Qu’en est-il d’Eurovita, la société d’assurance-vie italienne en faillite, la première dans la zone euro, dont nous avions parlé le 2 mars ? La remontée des taux d’intérêt a pris l’institution financière à contre-pied, comme beaucoup d’autres (SVB aux États-Unis, nous l’avions expliqué). Elle n’a plus été capable de faire face aux retraits de ses clients et le superviseur italien du secteur de l’assurance (l’IVASS) a bloqué les retraits jusqu’au 31 mars, en espérant trouver une solution d’ici là.

Des solutions, il n’y en a toujours pas. L’actionnaire anglais (Cinven) a certes injecté 100 millions d’euros en février, mais il en fallait encore 300, ce qu’il refuse de faire. L’IVASS a donc décidé de prolonger le blocage des comptes jusqu’au 30 juin, pour éviter les "retraits panique". 350 000 clients, pour un montant total de 15 milliards d’euros, se retrouvent donc coincés pour trois mois supplémentaires, au moins.

Les agences de notation se penchent sur le malade : le cas Eurovita "souligne les risques qu’une hausse rapide des taux d’intérêt peut faire peser sur les assureurs-vie les plus faibles" explique Fitch (Les Echos). Il n’y a pas d’effet-domino en tant que tel (Eurovita n’est pas un acteur systémique), mais une importante menace massive pour tous les assureurs : le relèvement des taux pourrait entraîner "une augmentation des rachats anticipés", les mettant en difficulté ou en faillite. De son côté, Moody’s juge "très faible" le risque d’une décollecte massive, mais "les assureurs français et italiens seraient les plus exposés, en raison de la relative facilité à sortir d’un contrat d’assurance-vie" dans ces pays. L’agence pointe ainsi les pays les plus en danger dans la zone euro…

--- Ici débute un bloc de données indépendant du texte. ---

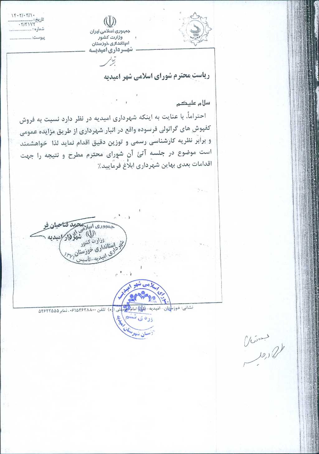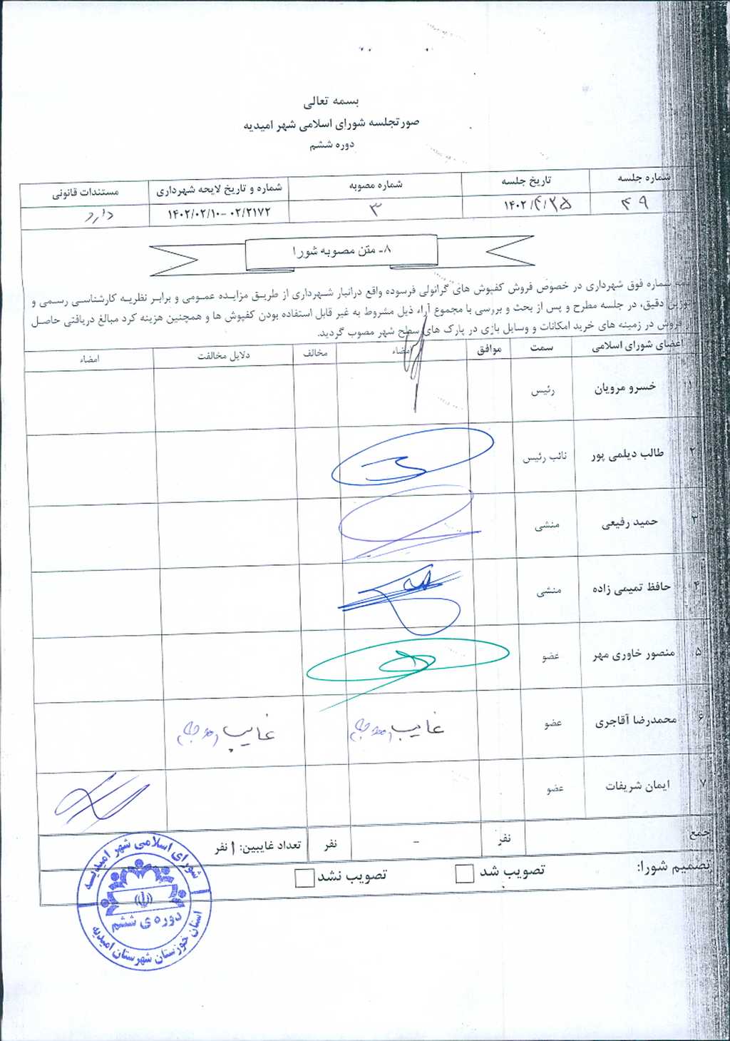 مصوبه شماره ۳ جلسه شماره ۴۹ شورای اسلامی شهر امیدیه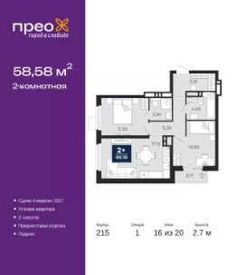 Двухкомнатная квартира с предчистовой отделкой в ЖК ''Прео'' на 16 этаже. Общая площадь: 58.58 кв.м., жилая: 22.23 кв.м., площадь просторной кухни-столовой: 17.51 кв.м. Квартира угловая, идеально подойдет любителям тишины и панорамных видов. В квартире одна лоджия, два совмещенных санузла. Высота потолков 2.7 м. Квартира находится в корпусе 215. Дом монолитный, одноподъездный, высотой 20 этажей. На этаже 8 квартир. В подъезде 1 пассажирский и 1 грузовой лифт. Окончание строительства - 4 квартал 2027 года. Оформление сделки по договору долевого участия. Преображенский — один из самых привлекательных районов для жизни! Это полностью самостоятельный жилой район с точки зрения инфраструктуры. Преображенский находится между Московским и Червишевским трактами в квартале улиц Закалужская — Вьюжная — Александра Протозанова. Не нужно ждать, когда появится инфраструктура — переезжайте на всё готовое. Вблизи расположены действующие школа и детский сад. В этом году откроется еще один сад, а в следующем году — школа. По соседству с Преображенским запланировано строительство городского парка ''Комарово'' площадью 38 гектар. За 10 минут можно доехать на автомобиле до крупных ТРЦ: ''Лента'', ''Кристалл'', ''Леруа Мерлен'', ''Метро'' и ''Ашан''. С 2018 года в районе открыт Соседский центр — пространство, созданное для формирования добрососедской среды, совместного досуга, общения и реализации соседских инициатив. Здесь проходят встречи соседей, а также сами жители района организовывают мероприятия. Организатором такого события может стать любой желающий. В квартирах выполнена качественная предчистовая отделка. Гладкие стены с финишным выравниванием по маякам. Ровный потолок для установки натяжного потолка. Установлены пятикамерные окна с двойным стеклопакетом (3 стекла). Дизайнерские холлы с видеонаблюдением, безбарьерным и прозрачным входом всегда светло и спокойно. На первом этаже есть просторные колясочные, где все жители могут оставлять свои коляски и велосипеды. В Преображенском есть всё, что нужно для активного отдыха и занятий спортом. Мы сделали большое футбольное поле с безопасным покрытием. Также установили хоккейный корт, который оборудован по всем необходимым стандартам. Во дворах можно делать упражнения на специальных площадках с турниками. Весь район мы обустроили велодорожками, которые связаны в единый маршрут. У нас есть сухие фонтаны, бьющие из земли, деревья, веревки, сетки, скалодром, газон, песок и резинка — осталось просто дать своему ребенку право на свободную игру. По-настоящему хорошие дворы — это те, которые дети предпочитают соцсетям и телевизору. Аккредитация в банках: ОАО ''Альфа-Банк'', ПАО ''Банк Уралсиб'', ПАО ''Газпромбанк'', ПАО Банк ''ВТБ'', ''Сбербанк России'' и других. #ZmvgTt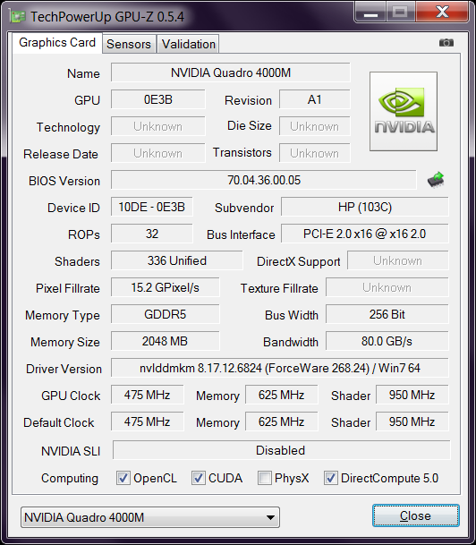 | Графический контроллер | NVIDIA Quadro 4000M (336 процессоров, 475 МГц), 2 Гбайт GDDR5 (4x625 МГц, шина 256 бит) |

Effectivement, les Italiens sortent de l’assurance-vie pour aller sur les "BTP", les Bons du Trésor italien, qui rapportent 3% par an net d’impôts, comme le livret A. Les faibles rendements de l’assurance-vie (sous les 2% en moyenne) pourraient pousser les Français à aller voir ailleurs. Et en France également, les contrats d’assurance-vie peuvent être bloqués depuis 2016 avec la loi Sapin 2. Elle n’a encore jamais été utilisée.

Un tel mouvement est donc susceptible de s’enclencher en France, soit pour aller vers des placements plus rémunérateurs, soit pour faire face à l’inflation et à la perte de pouvoir d’achat qui en résulte. L’inflation alimentaire, qui s’accentue et se prolonge, va obliger des ménages à taper dans leurs bas de laine. Selon un sondage Ifop, 42% des Français gagnant le SMIC ou moins ont supprimé un repas par jour. A-t-on vu pareil effondrement depuis l’Occupation ? Pour les revenus supérieurs, la classe moyenne, qui constitue les gros bataillons des épargnants, l’arbitrage entre l’épargne et l’alimentation va se poser. La fin du bouclier énergétique le 30 juin pourrait aussi déclencher un tel mouvement (mais le gouvernement a la possibilité de la prolonger jusqu’au 31 décembre).

Il faut guetter l’inflation (qui déprécie l’assurance-vie), la remontée des taux d’intérêt (qui crée de nouvelles opportunités de placement) et le pouvoir d’achat (qui oblige à des arbitrages), afin de surveiller – comme le lait sur le feu – le secteur de l’assurance-vie en France. Nous ne sommes plus forcément très loin des premières tempêtes.